The invention relates to the field of electrical engineering and can be used to protect marine power plants from overload in emergency situations.

There is a method of automatic unloading of generator assemblies (Α.Π. Baranov. Ship automated electric power systems: Textbook for universities. 2nd ed., Revised and revised / SPb .: Shipbuilding, 2005, 338 p., Fig. 12.13a ), according to which the active load of each of the operating generating sets (GA) is measured, it is compared with the permissible value, and if the load exceeds the permissible one, then the previously selected groups of electricity consumers are turned off after a time delay.

This method allows you to protect the GA from overload due to disconnection of a group of consumers of electricity and reduce load. But at the same time, in the event of an emergency shutdown of one or several GA in parallel, the entire load during the time delay will be on the units remaining in operation, which can lead to their shutdown or failure.
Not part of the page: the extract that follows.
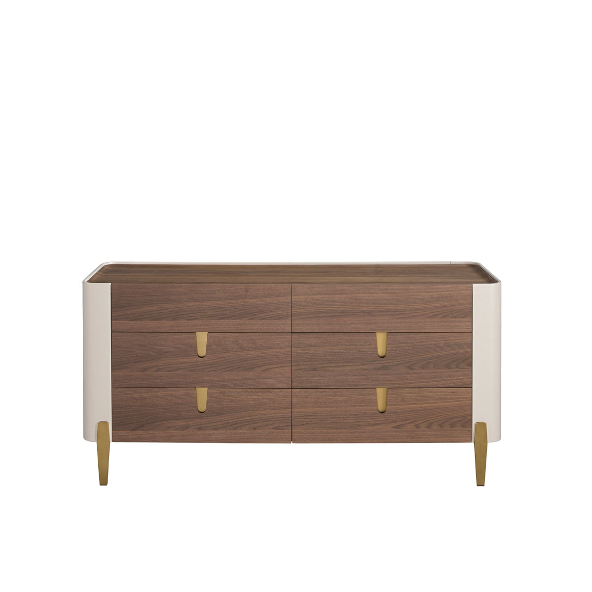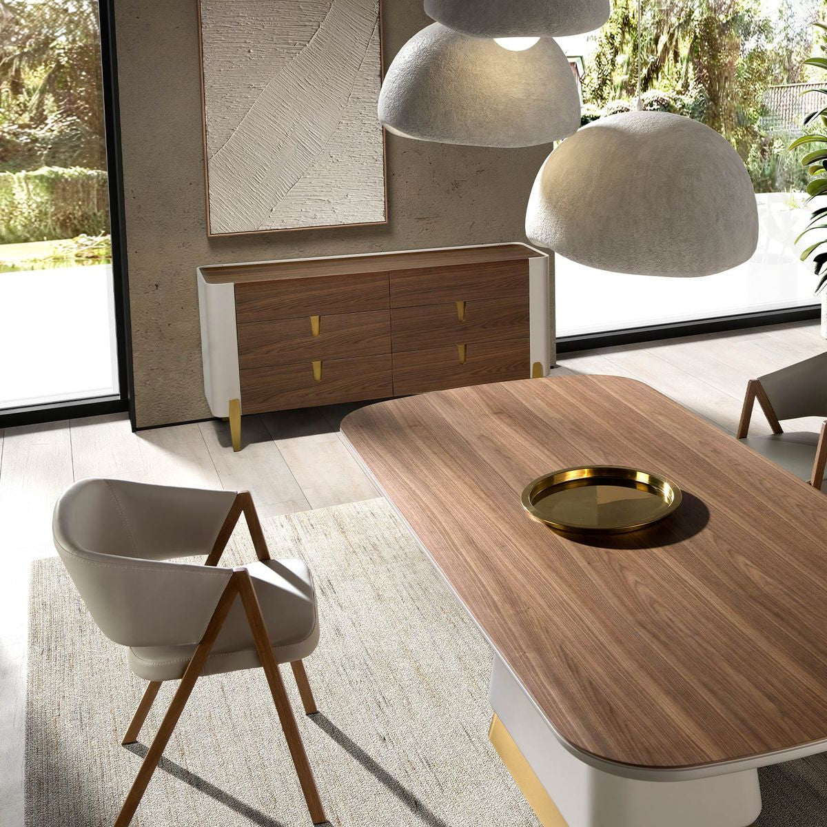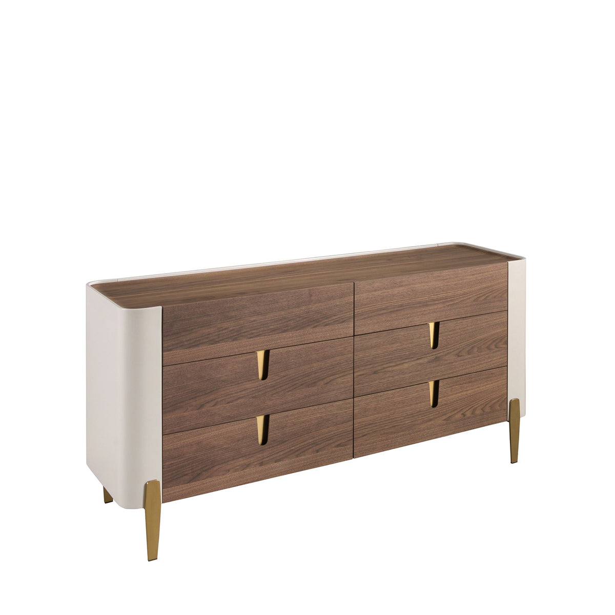 Comodă cu design modern, cu structură din lemn furniruit de nuc natural și lemn MDF lăcuit bej, și picioare originale din oțel inoxidabil lustruit, de culoare aurie.

Closest to the proposed invention relates to a method implemented by a device for automatic unloading of generators according to AC SU 1365241, IPC Η02J 3/24, publ. 1988. The method consists in the fact that in parallel operation of the GA, the active load and voltage of each of them are controlled in the event of an emergency disconnection of one of the GA from the network and provided that the voltage of the inoperative GA is normal and the active load of the generator remaining in operation is higher than the specified value disconnect pre-selected consumers of electricity.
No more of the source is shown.